Tempat tidur isteri saya memasuki ruang ICCU. Saya menemui beberapa saudara yang sudah datang dengan air mata. Semua duduk diam dengan angan yang sama yaitu kesembuhan isteri saya.Bunga datang di RS Sarjito. Dia langsung menemui ibunya yang sering mengirim pesan padanya.
Air mata Bunga membasahi kaki ibunya. Air mata yang tidak pernah keluar sejak kecilnya. Bunga datang tapi ibunya tidak tahu kalau Bunga sedang membasahi kakinya dengan air mata.
Hari Terakhirnya. Hari kedua di ruang ICCU ternyata menjadi hari terakhir bagi isteri saya. Pagi hari, saya dan anak–anak saling bergantian menghampiri tempat tidur isteri saya.
Dia tidur. Matanya terpejam. Kami sering menyeka air mata yang keluar dari matanya yang terpejam. Saya dan anak–anak membicarakan tentang perkembangan kesehatan isteri saya. Kami menyimpulkan bahwa perkembangan isteri saya semakin baik.
Nafasnya mulai berangsur teratur walau masih lemah. Kami berharap ibunya anak–anak saya segera pulang. Bunga ingin mengajak ibunya untuk tetirah di Jakarta menunggui dia bekerja.
Jam berkunjung hari kedua ternyata hari terakhir isteri saya beristirahat di rumah sakit. Pukul 16.00 yang merupakan jam kunjungan di ICCU yang senantiasa kami tunggu ternyata membawa duka.
Saya dipanggil dokter untuk ketemu secara khusus. Dokter menjelaskan tentang kondisi isteri saya yang memburuk. Rico dan Bunga saya panggil untuk mendekati ibunya yang sedang melawan penyakitnya. Dokter meminta kami semua berdoa dekat dengan isteri saya.
Kami tidak siap melepas orang yang kami cintai. Inilah saat–saat yang kami benci. Kami harus melepas orang yang kami cintai dengan sakit yang menghantar perginya. Waktu menjadi beku, tidak ada kata yang dapat terucap kecuali isak dan air mata.
Kekasih hatiku pergi dengan tenang tanpa pesan yang terucap di akhir hidupnya. Isteriku telah pergi, ibuku telah pergi. Tuhan berfirman bahwa kekasihku telah pergi ke sorga.

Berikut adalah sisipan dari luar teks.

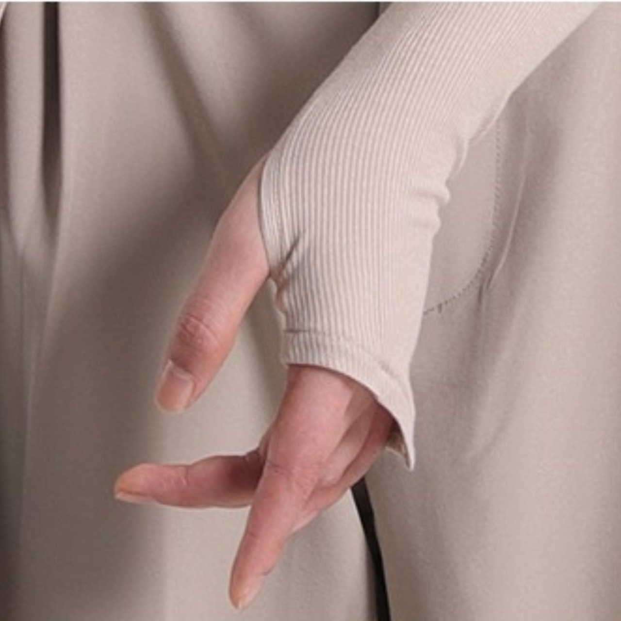 ハイネックデザインは首元を美しく演出、ロングスリーブで暖かさも確保。
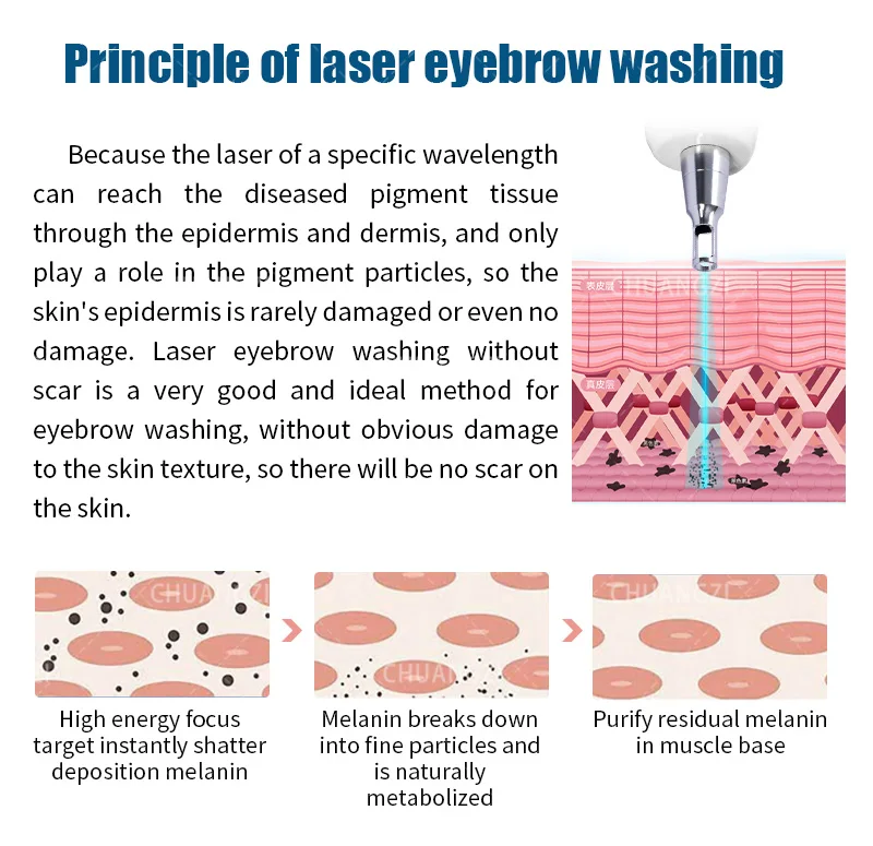 1. Remove the black &blue pigment on eyebrow, eye line and lip line. Scour off tattoo, freckle, lentigines, old aged marks, vascular expansion and type of blood vessel lesions etc.

Dia telah pergi meninggalkan orang yang dicintai. Dia belum dapat menikmati hasil jerih payahnya selama ini. Dia ingin menimang cucu-cucu yang lucu. Dia ingin menyaksikan keluarga baru bagi anak–anaknya.
Selamat jalan kekasihku.
Kita semua akan bertemu di alam kelanggengan.
Isteriku pulang kerumah disambut oleh banyak orang. Para tamu menyanyikan lagu Doa Ibu. Isteriku diam. Tetapi kami semua percaya bahwa kekasihku telah tenang di sorga. Dia akan bahagia ketika menyaksikan belahan jiwanya hidup dalam kasih Tuhan.
Saya baru sadar, ketika dia minta maaf kepada saya karena ternyata dia meninggalkan saya lebih dahulu dan dia titip anak - anaknya agar saya dampingi dalam membangun keluarga.